**WHAT THIS TASK INVOLVES**
Take the data below and copy exactly the lines starting at the one with "1948. Израиль. Арабский" and finishing at the one with "转盘式自动喷砂机有间歇转盘式", both included.

Recorded data:

######

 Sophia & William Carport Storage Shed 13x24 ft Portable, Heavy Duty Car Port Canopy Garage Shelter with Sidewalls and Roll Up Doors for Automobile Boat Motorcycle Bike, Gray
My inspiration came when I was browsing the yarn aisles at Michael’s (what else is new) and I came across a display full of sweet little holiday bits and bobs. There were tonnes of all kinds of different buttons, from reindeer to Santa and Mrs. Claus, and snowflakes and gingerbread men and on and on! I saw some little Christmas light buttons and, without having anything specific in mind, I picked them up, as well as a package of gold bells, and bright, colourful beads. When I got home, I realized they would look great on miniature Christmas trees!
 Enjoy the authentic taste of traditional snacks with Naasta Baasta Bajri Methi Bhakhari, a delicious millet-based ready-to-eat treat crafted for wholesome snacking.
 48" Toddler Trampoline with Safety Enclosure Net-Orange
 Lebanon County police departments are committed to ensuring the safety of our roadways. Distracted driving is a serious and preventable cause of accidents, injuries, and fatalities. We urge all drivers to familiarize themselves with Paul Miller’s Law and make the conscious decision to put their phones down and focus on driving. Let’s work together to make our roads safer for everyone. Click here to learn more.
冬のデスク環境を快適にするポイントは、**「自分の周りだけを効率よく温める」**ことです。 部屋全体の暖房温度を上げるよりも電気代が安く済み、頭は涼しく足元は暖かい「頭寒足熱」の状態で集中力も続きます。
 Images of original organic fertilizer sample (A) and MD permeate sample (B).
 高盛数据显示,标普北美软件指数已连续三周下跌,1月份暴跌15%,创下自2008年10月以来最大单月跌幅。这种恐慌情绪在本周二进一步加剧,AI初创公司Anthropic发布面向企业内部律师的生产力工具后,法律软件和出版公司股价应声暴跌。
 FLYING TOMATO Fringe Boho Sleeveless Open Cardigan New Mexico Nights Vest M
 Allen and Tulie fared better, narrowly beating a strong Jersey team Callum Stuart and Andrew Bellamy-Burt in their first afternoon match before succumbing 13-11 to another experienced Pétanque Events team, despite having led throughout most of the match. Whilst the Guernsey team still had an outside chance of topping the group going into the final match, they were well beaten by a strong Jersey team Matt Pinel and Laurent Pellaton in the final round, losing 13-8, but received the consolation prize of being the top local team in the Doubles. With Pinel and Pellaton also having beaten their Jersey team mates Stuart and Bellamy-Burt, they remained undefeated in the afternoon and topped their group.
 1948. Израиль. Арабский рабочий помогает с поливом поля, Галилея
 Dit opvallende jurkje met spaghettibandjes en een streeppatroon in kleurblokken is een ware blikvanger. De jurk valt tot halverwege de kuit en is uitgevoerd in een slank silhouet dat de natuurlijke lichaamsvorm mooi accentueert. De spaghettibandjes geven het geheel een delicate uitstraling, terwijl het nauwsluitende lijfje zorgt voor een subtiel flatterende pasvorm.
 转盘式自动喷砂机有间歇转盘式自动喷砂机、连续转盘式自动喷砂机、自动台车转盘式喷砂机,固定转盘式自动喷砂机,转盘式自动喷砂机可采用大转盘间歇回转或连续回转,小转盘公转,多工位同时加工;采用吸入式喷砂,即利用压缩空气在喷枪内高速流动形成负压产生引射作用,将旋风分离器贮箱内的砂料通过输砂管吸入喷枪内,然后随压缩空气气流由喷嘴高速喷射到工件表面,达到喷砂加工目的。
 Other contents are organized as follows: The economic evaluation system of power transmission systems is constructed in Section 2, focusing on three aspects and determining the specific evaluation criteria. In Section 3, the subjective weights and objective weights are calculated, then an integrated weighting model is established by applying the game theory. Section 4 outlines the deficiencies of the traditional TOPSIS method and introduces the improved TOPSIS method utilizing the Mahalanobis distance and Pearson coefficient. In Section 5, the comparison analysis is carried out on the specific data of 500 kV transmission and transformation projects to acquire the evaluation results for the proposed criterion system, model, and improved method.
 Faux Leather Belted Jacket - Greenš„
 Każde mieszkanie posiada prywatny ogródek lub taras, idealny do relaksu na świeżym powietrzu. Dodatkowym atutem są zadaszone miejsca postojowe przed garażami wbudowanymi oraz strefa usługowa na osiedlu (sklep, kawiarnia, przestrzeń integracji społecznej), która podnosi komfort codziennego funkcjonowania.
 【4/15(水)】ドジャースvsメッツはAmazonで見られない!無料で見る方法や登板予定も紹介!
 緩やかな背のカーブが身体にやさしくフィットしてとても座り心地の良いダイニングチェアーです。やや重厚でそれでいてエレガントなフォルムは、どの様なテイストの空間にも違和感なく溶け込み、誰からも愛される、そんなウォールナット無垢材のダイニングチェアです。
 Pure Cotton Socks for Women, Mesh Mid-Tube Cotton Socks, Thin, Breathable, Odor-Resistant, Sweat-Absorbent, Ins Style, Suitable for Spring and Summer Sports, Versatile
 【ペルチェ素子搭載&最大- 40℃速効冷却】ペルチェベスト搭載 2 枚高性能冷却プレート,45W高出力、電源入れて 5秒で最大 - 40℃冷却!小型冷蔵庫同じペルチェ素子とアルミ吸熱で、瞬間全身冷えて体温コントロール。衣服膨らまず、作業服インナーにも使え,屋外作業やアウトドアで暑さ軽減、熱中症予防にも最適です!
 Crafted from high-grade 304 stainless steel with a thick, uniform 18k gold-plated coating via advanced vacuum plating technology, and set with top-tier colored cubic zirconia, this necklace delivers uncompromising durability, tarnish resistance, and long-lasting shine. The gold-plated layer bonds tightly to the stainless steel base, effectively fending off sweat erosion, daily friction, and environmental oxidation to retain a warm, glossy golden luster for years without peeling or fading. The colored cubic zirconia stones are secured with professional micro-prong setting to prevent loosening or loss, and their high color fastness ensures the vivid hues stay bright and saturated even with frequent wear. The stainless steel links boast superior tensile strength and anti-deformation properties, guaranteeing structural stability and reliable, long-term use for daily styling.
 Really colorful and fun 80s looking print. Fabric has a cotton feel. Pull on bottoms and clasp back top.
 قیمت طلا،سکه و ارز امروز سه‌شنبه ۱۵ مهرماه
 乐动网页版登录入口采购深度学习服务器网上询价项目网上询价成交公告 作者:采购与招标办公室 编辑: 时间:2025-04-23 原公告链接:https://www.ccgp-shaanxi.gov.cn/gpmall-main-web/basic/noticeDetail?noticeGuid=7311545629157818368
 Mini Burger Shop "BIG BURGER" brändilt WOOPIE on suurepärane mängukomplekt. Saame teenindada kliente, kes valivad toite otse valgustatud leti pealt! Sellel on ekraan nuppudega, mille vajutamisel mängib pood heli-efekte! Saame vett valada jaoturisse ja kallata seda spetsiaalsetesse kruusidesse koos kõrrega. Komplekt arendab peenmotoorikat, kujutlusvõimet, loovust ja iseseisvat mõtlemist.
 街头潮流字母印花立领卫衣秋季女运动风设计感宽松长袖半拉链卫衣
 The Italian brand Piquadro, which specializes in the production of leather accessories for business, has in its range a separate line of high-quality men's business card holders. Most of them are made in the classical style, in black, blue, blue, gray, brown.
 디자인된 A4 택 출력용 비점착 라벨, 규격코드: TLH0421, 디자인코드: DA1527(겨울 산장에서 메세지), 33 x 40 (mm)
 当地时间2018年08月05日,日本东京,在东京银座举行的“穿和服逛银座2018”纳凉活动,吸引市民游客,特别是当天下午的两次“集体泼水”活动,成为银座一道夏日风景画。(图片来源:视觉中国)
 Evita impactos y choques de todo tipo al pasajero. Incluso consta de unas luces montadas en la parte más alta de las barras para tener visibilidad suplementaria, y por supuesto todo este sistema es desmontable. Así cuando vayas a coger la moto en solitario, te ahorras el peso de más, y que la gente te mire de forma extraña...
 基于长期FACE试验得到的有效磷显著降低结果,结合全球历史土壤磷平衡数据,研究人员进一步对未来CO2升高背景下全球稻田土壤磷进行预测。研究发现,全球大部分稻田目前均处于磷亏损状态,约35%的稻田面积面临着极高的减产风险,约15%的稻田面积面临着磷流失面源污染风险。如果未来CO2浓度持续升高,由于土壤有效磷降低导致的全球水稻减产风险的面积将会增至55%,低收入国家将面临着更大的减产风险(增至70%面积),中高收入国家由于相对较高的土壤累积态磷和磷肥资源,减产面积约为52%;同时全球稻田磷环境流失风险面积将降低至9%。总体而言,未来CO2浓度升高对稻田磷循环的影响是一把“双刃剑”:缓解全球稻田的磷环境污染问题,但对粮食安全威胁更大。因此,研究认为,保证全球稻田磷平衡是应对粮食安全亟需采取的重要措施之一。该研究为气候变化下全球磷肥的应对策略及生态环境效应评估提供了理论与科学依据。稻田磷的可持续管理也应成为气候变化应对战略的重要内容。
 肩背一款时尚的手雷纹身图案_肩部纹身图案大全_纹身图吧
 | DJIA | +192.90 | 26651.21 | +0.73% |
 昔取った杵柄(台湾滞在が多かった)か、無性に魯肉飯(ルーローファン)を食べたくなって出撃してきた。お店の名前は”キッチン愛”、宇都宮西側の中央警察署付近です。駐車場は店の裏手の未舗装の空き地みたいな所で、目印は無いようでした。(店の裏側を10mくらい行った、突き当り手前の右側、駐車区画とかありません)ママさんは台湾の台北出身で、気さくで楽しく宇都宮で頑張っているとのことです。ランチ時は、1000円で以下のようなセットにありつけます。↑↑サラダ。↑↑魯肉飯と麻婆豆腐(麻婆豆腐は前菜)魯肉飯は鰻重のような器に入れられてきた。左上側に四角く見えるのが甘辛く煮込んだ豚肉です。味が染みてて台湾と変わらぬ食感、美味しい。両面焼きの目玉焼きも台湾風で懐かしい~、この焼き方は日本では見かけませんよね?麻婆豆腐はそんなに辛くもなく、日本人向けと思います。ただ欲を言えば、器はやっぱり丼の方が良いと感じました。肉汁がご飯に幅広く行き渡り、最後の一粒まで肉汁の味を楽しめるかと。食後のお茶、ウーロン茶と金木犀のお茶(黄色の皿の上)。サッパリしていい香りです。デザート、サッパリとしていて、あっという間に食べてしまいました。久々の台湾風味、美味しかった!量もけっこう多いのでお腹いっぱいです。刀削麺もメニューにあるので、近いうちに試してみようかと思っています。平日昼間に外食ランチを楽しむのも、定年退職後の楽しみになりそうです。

######

**OUTPUT OF THE TASK**
 1948. Израиль. Арабский рабочий помогает с поливом поля, Галилея
 Dit opvallende jurkje met spaghettibandjes en een streeppatroon in kleurblokken is een ware blikvanger. De jurk valt tot halverwege de kuit en is uitgevoerd in een slank silhouet dat de natuurlijke lichaamsvorm mooi accentueert. De spaghettibandjes geven het geheel een delicate uitstraling, terwijl het nauwsluitende lijfje zorgt voor een subtiel flatterende pasvorm.
 转盘式自动喷砂机有间歇转盘式自动喷砂机、连续转盘式自动喷砂机、自动台车转盘式喷砂机,固定转盘式自动喷砂机,转盘式自动喷砂机可采用大转盘间歇回转或连续回转,小转盘公转,多工位同时加工;采用吸入式喷砂,即利用压缩空气在喷枪内高速流动形成负压产生引射作用,将旋风分离器贮箱内的砂料通过输砂管吸入喷枪内,然后随压缩空气气流由喷嘴高速喷射到工件表面,达到喷砂加工目的。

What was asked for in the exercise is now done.